# Общество сознания Кришны в Москве > Вопросы и предложения >  Издательство Бхактиведанта Бук Траст

## Сёма

Харе Кришна! 

Не нашла в интернете какое-то региональное подразделение издательства в Москве. Есть ли таковое и какую деятельность оно ведёт по продвижению трансцендентных книг в книжные магазины столицы? 

У меня есть желание совершить служение - организовать отдельные полки с нашими книгами в магазинах типа "Путь к Себе" или "Белые Облака" (для начала, затем последуют магазины помасштабней). Всё сделать грамотно, с презентацией.
Готова выступить в роли торгового представителя Издательства, вести переговоры с товароведами, следить за продажей книг на точках и стимулировании этих продаж. 

Пожалуйста, прокомментируйте моё предложение. Насколько оно, на Ваш взгляд, актуально и можете ли Вы дать какие то советы и рекомендации.
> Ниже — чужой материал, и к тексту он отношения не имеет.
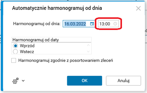 Następnie należy zaharmonogramować powstałe ZPS używając jednej z dostępnych procedur, np. Automatyczne harmonogramowanie produkcji do zlecenia . Operacja ta jest potrzebna do przyjęcia ilościowego produktu na panelu dotykowym.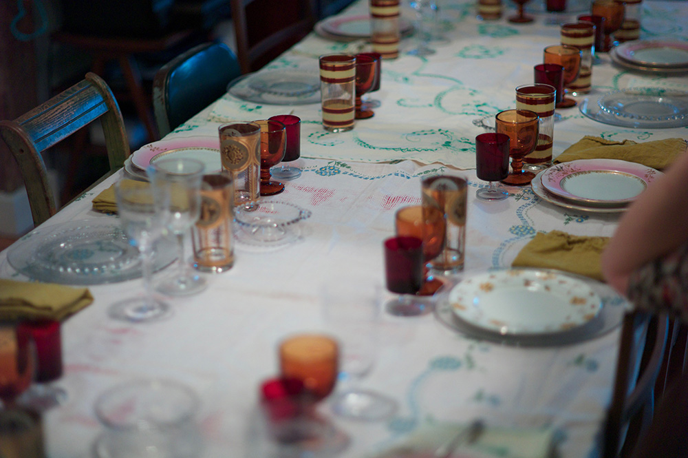 My dinner table, ambitiously set for fourteen, with embroidered tablecloths as mentioned in Life Is Meals.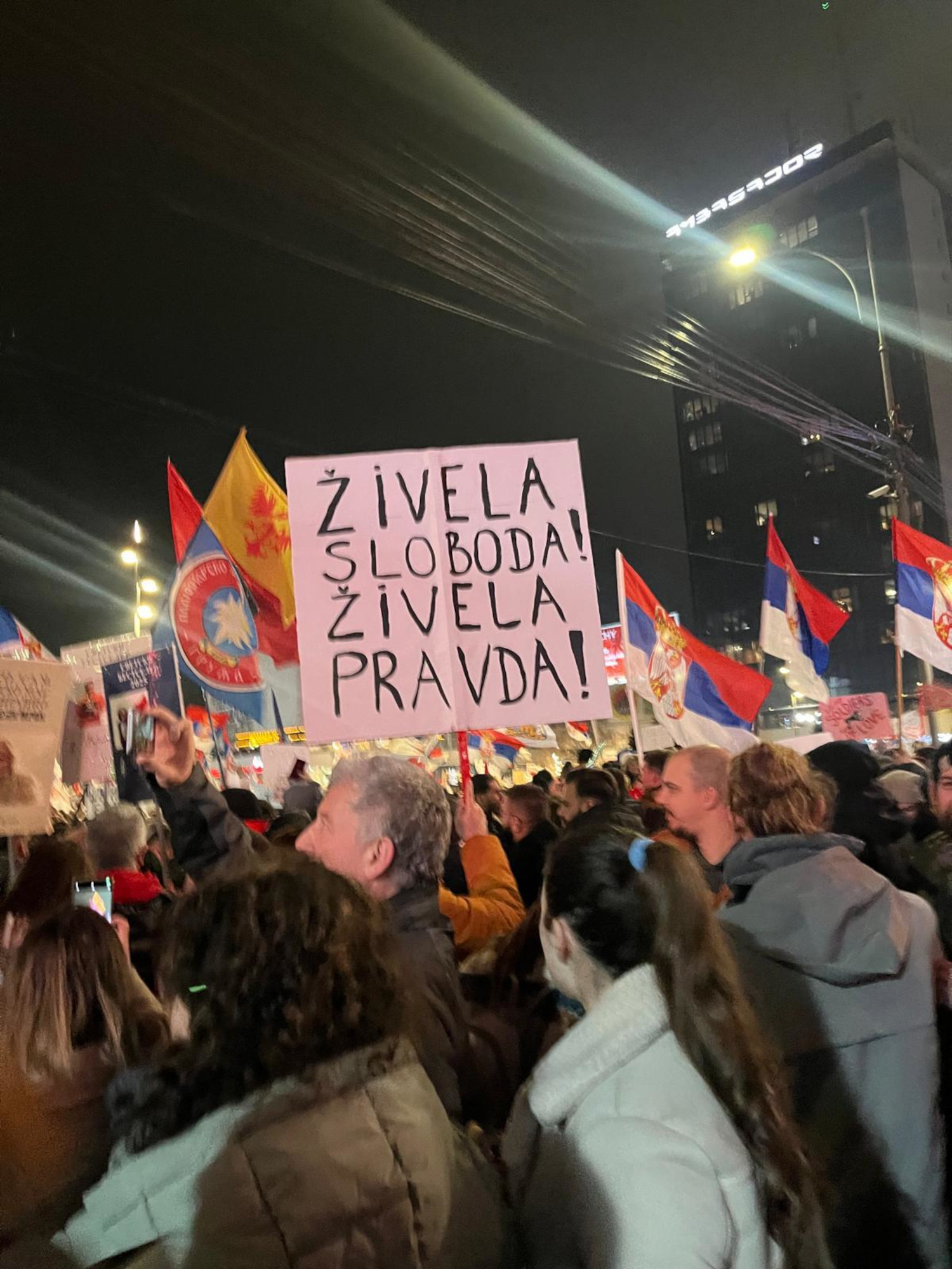 Le strade delle nostre città, da Niš a Novi Sad, da Belgrado a Kragujevac, sono testimoni della forza dell’unità del popolo. Questa solidarietà, finora sconosciuta ad un sistema basato sulla divisione, diventa la nostra promessa e la nostra forza, che difenderemo e faremo crescere. Trasformando le singole voci in forze per il cambiamento, abbiamo dimostrato che la Serbia non è un insieme di interessi contrapposti, ma una comunità di cittadini che condivide la stessa visione del futuro.

Кланяюсь всем Вайшнавам, Ира

----------


## Aleksandr

Любой магазин, т.к. любой магазин это комерческое предприятие, не важно это магзин "путь к себе" или "библиоглобус", попросит во первых оплату за "вход" на территорию , а затем или ежегодно за аренду "витрины" или в лучшем случае ежемесячно, так что посчитайте сразу, сколько сейчас попросят я не знаю, но думаю при сложившейся ситуации на бумажном книжном рынке в свете будущих прибылей немало.
Самый оптимальный вариант, купить помещение под книжный магазин, сдать его в аренду под книги, а себе оставить самое лучшее место, так что если есть в распоряжении от $500 тыс. то это очень крутой проект.

----------


## Гокуланатх дас

Духовную литературу, просто стоящую на полках, обычно вяло раскупают. Это же не "йога за 15 минут" и не "как стать миллионером". Поэтому книги распространяют в основном санкиртанщики на улицах. А также проповедники, устраивая лекции. Не очень понятно как вы собираетесь стимулировать продажи.
Но с другой стороны, распространение книг Прабхупады процесс удивительный, поскольку преданные там просто инструменты, а делает всё Кришна. Так что может и получится  :smilies:

----------


## Наталья А.

Преданные же участвуют в книжных выставках в Москве. Или это просто презентация?

----------


## Сёма

Спасибо!

----------


## Raja Kumari dasi

> организовать отдельные полки с нашими книгами в магазинах типа "Путь к Себе" или "Белые Облака" (для начала, затем последуют магазины помасштабней).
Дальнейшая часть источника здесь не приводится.